With an ancient academic tradition, that had its roots in Coimbra, where one of the Europe's oldest universities was founded back in 1290, Portuguese students still wear black capes, and follow the "praxe" codes.

Every year in May, during the Academic Week, students ending their first year in college will celebrate by gathering ribbons from their families and friend, who write their best wishes on them, and then burn them as an act of transition to the next level, where they are no longer considered freshman. This is also the time for the freshmen to be officially allowed to wear the black the cape (that actually inspired J. K. Rowling for Harry Potter) and be blessed in a 'baptism' by their godfathers, usually older students that help them throughout the school year. 

Queima das fitas

With few changes from one city to another, capes  can change to represent different colleges, some schools have their own rules and code of conduct set by the Praxe committee which can be different, but the common ground will be the celebration of the new students and the goodbye to the ones that are graduating and get their ribbons 'blessed' at an official ceremony. 

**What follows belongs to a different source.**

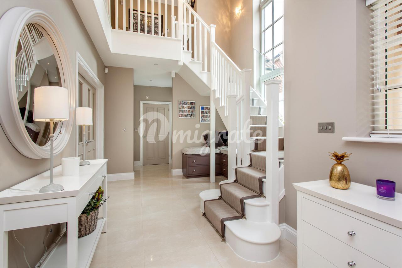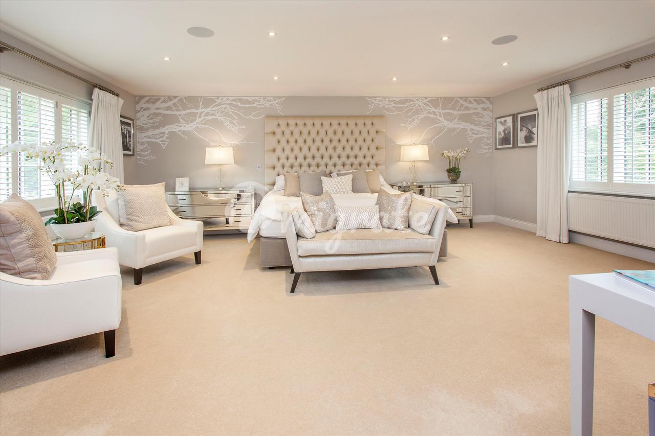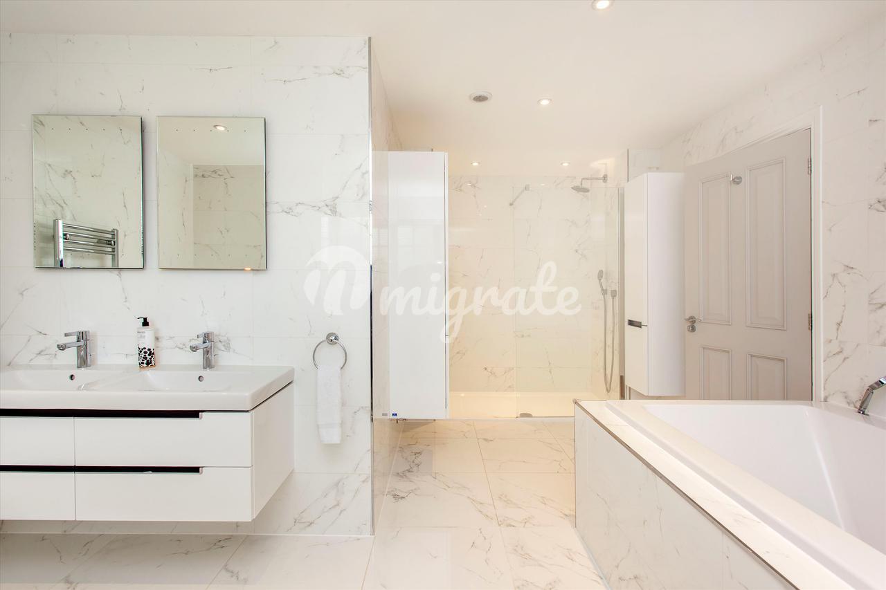 Впечатляющая лестница ведет на второй этаж с просторной площадкой, обеспечивающей доступ к пяти спальням и семейной ванной комнате. Основная спальня очень хорошо оборудована и может похвастаться большой спальней и превосходной ванной комнатой, а также отдельной полностью оборудованной гардеробной. Во втором люксе есть душевая и отдельная гардеробная. В третьей и четвертой спальнях есть душевые комнаты, а также гардеробная и встроенные шкафы соответственно. Пятая спальня с семейной ванной напротив завершает размещение на первом этаже. На втором этаже есть еще две спальни вместе с отдельной душевой комнатой.

It is also a week of concerts and parties across academic cities. From Braga, to Porto, to Guarda, to Aveiro, to Coimbra, to Lisbon or the Algarve, you will find a Queimodromo: the venue where students have their improvised stands selling food and drinks to raise money for their fun. Like an amusement  park, this is where live shows take place everyday, carousels and roller coaster get crowded  and games and more food are included.